The other criticism of the hypothesis testing procedure involves the ability to “manage” the results and ensure a “reject the null hypothesis” decision simply by manipulating the sample size. For example, if we have a difference in a customer preference between two products of only 1%, is this a big deal? Given the uncertainty contained in sample results, we might tend to think that we can safely ignore this result. However, if we were to use a sample of, say, 10,000, we would find that this difference is statistically significant. This, for many, seems to fly in the face of reasonableness. We will look at a measure of practical significance, is the difference worth paying any attention to, called the effect size to help us here.
Confidence Intervals
A confidence interval is a range of values that, based upon the sample results, most likely contains the actual population parameter. The “most likely” element is the level of confidence attached to the interval, such as a 95% confidence interval, 90% confidence interval, 99% confidence interval, etc. They can be created at any time, with or without performing a statistical test, such as the t-test.
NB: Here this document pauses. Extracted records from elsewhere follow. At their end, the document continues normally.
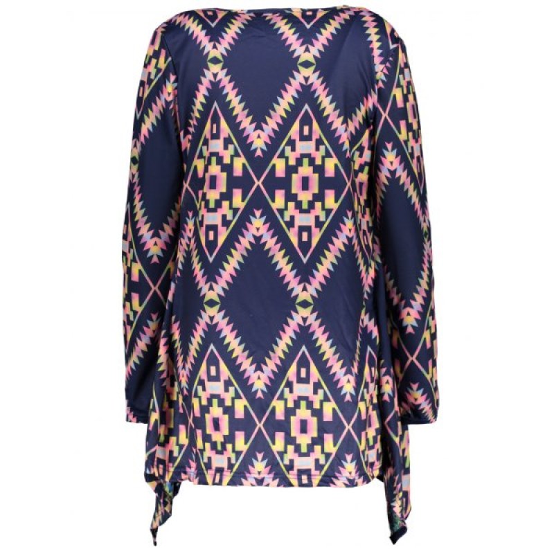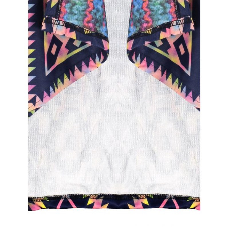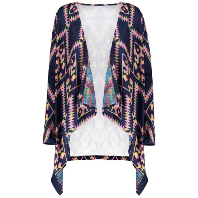 Retro tyle Collarless Long leeve Loose-Fitting Ethnic Print Women's Cardigan - Purplish Blue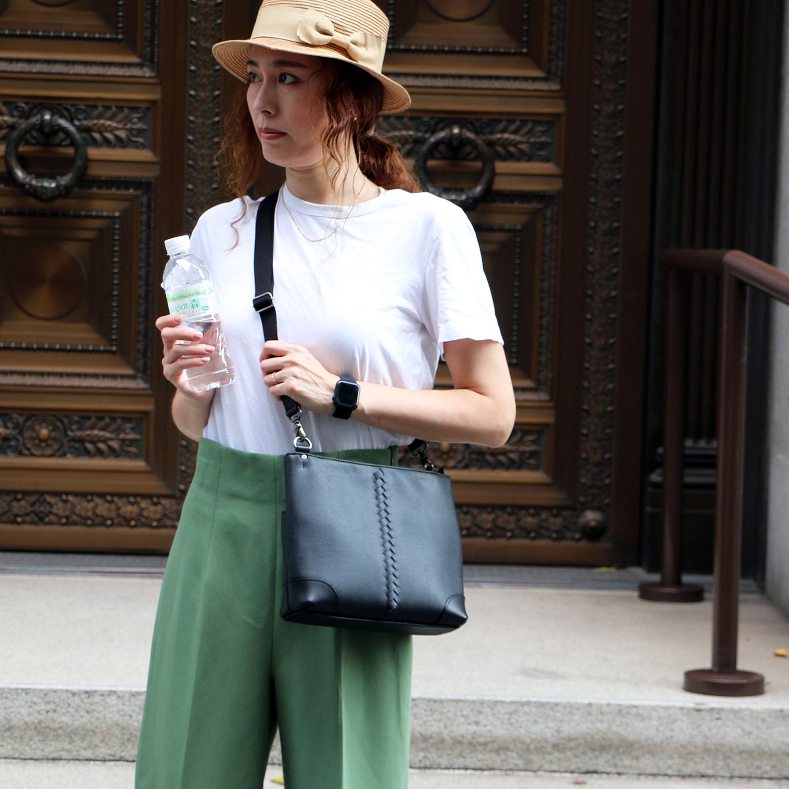 コンパクトサイズながらiPadや500mlペットボトル、日傘、長財布などが入り、旅行先や休日のお出掛けに便利なアイテム。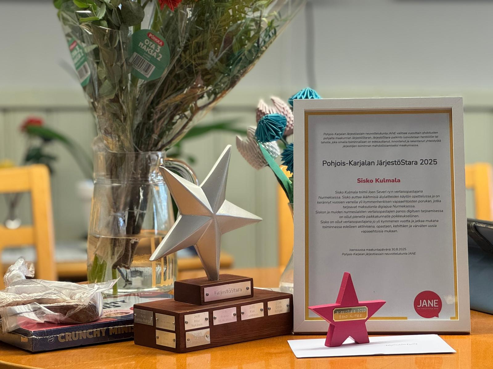 Vuoden 2025 JärjestöStara -palkinto myönnettiin 30.8. vietetyssä Pohjois-Karjalan maakuntapäivässä nurmeslaiselle Joen Severin vapaaehtoisohjaajalle Sisko Kulmalalle. Palkinto käytiin luovuttamassa Siskolle Joen Severin vertaisohjaajatapaamisessa 11.9.2025 Nurmeksen Ystävänpysäkillä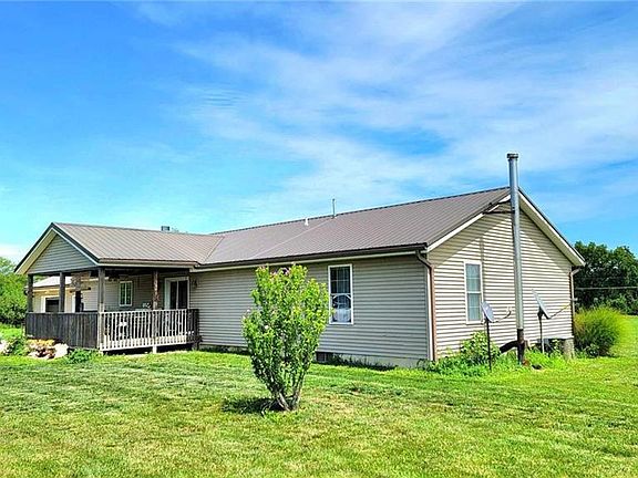 Fontana, Ks Horse Lover enthusiast dream property. This 18.9-acre farm features a modern 3 bed, 2 bath ranch with a walk-up basement. The kitchen is big and bright with backyard access. Oak custom cabinets with plentiful storage throughout. Adjacent to the kitchen is a large pantry. The south wing of the home features 3 large bedrooms and 3 baths. If you like to entertain you will love the large living room. 2 car attached garage with walkup basement access. The basement features 2 non-conforming bedrooms, 1 beautiful stone fireplace and a state-of-the-art wood heating system. The 2,000 plus red iron auto repair building is as nice as I've seen. Featuring 1 automotive car lift with 9x10x2 rollup doors. The building is fully insulated with excellent lighting and outlets throughout. 1 shop bathroom and excellent office space. An additional 2,300 modern metal building exists, and the east portion of the building is a machine shed with open dirt floor and the west portion is fully enclosed with concrete floor and lockable. 1 8x14 storage shed, beautiful garden spot and more. Pastures are a mix of cool season fescue, clover pasture fenced with portable electric fencing. Current owner has hayed the cast field and grazed the west portion. This property is located a football field off the road. *Sellers will give a $5,000 allowance for carpet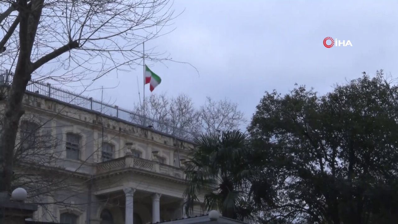 Alınan yas kararı kapsamında İstanbul’daki İran İslam Cumhuriyeti Başkonsolosluğu’nda bayrak yarıya indirildi.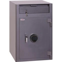 sonstiges: das Wertfach ist mit einem Fingerprintschloss mit 128 speicherbaren Fingerabdrücken ausgestattet, mit LED-Anzeige, 4-Augen-Prinzip und verdeckter Codeeingabe, die Einwurfklappe ist durch ein Doppelbartschloss gesichert, zusätzliches Fach im Tresorraum zum Auffangen der eingworfenen Objekte, Innenfach ist durch ein Zylinderschloss gesichert, Verriegelung durch 5 Bolzen, Türstärke 12 mm, Korpusstärke 6 mm, Türöffnungswinkel 180° durch außenliegende Bänder, eine spezielle Umlenkplatte verhindert den Zugrif auf den Inhalt des Wertfachs

A confidence interval may be expressed as a range (45 to 51% of the town’s population support the proposal) or as a mean or proportion with a margin of error (48% of the town supports the proposal, with a margin of error of 3%). This last format is frequently seen with opinion poll results, and simply means that you should add and subtract this margin of error from the reported proportion to obtain the range. With either format, the confidence percent should also be provided.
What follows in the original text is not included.